I think you can ignore this. An uneducated guess is that the extent position has changed on disk between bees submitting it to the dedup queue and actually deduping it. It just gives up here. The changed extent will be re-submitted automatically later when bees walks the new subvolume generations. Your data is not harmed by this.

@Zygo probably has a better (and much more educated) explanation. :-)

Zygo commented 5 years ago

@kakra You're not wrong. ;)

The ExtentWalker code is very paranoid about ensuring that it reads a complete and correct list of extents while scanning forward and backward in the filesystem, so it checks to see if the end of an extent it read earlier is the same as the beginning of an adjacent extent it read later, and vice versa. If any discrepancy is detected (e.g. the combined data contains two extent items that overlap, which is not allowed in btrfs), ExtentWalker throws an exception and all dedupe processing for the extent is skipped.

Usually when this is triggered, the filesystem is modified at exactly the point where bees is scanning while bees is scanning it, so two reads of the extent data would produce conflicting results because the data changed between reads. This invalidates any data bees previously collected about extents in that area of the filesystem, so the correct thing to do is drop all previously read data and restart processing for this extent from the beginning.

The exception can also be triggered in cases where the src and dst extents in dedupe partially overlap, and bees is inadvertently modifying its src extent while trying to eliminate its dst extent because they are both references to the same physical extent. This causes the extent to reappear in future scans as "new" data. If this was not prevented, it would result in an infinite feedback loop where bees keeps trying to "fix" the offending extents, but because they are already all references to the same extent no further space can be saved. There are several points where bees detects this case and prevents it by exiting early from a loop or function, so the exception usually isn't triggered by this case in practice.

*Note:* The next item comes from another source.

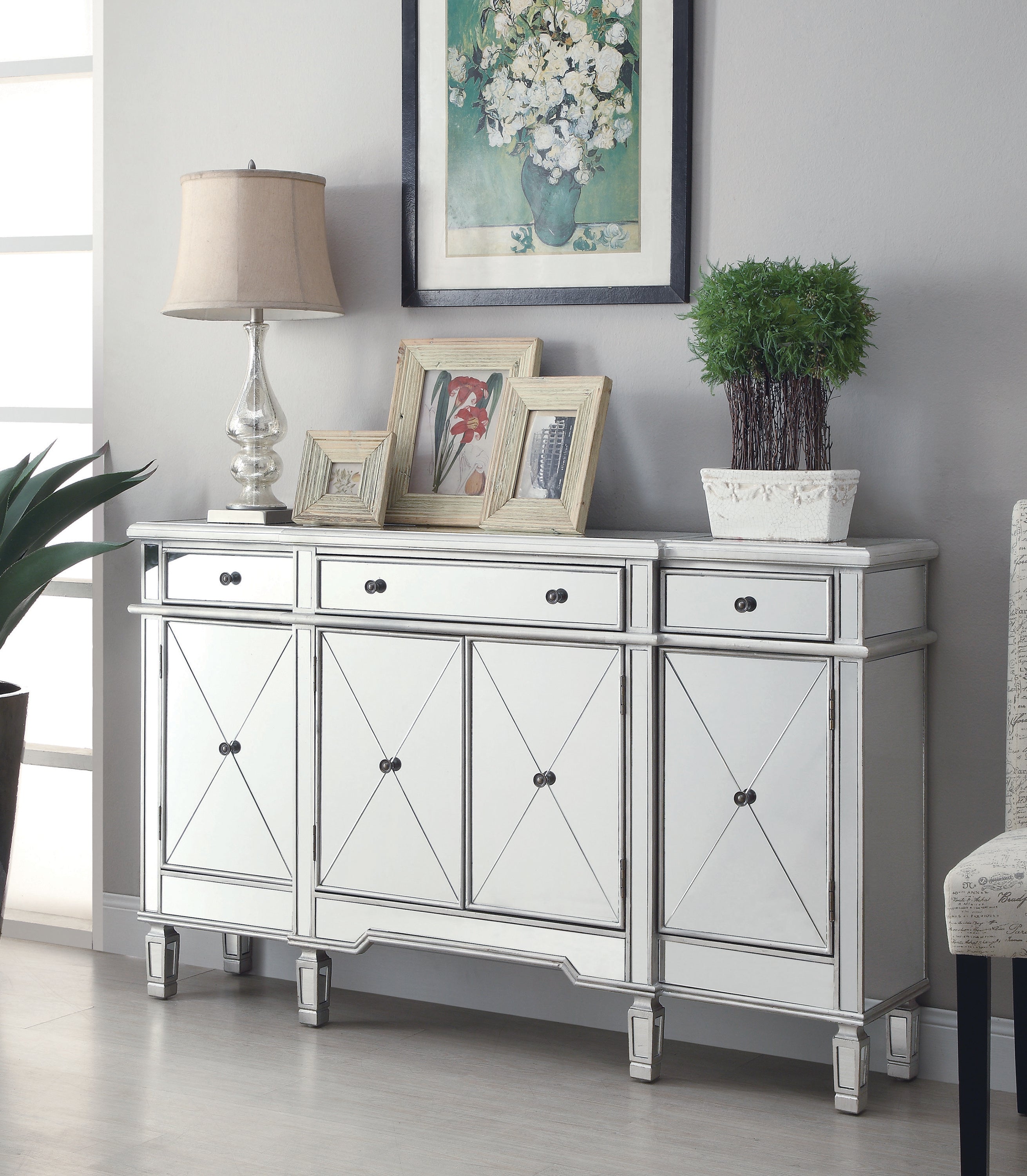 Large glamorous wine cabinet is a must-have for wine lovers. Distinctive mirror panels are a lustrous accent to any dining room or entertainment room. With four doors that open to your collection of vintages. Three drawers for stashing accessories like silverware and a cheese board. With two shelves and a removable wine holder, the next party is all yours to host.

There is some discussion in #89 about reducing the visibility of these events in the short term. The long-term plan is to replace ExtentWalker with a better design that handles this case without using an exception. At the moment because so many levels of stack are involved there's no simple way to refresh or ignore the inconsistent data, so an exception is used to force the top-level crawl code to move on to the next extent. Later scans will detect any new extents created during previous scans, so the extent processing restart does eventually happen.

dim-geo commented 5 years ago

Thanks for the clarification! I have around 2 TB of data, since I am a photographer and I need to make sure that no data would be lost due to bees :) Maybe as a first step towards #89 would be to just explain the exceptions expected by the bees, or elaborate the messages (make them more human readable) for the expected exceptions.

Zygo commented 5 years ago

Something like "this exception prevents bees from grinding to a halt at this point. You can ignore this if you are not a bees developer" could be more words than the code fix for lowering the log levels or silencing the specific exceptions in #89 . ;)

Still, the point is well taken from the evidence: a new user comes along, and hits all three known-harmless exceptions at once. Some of those are over a year old now, it's time to clean them up.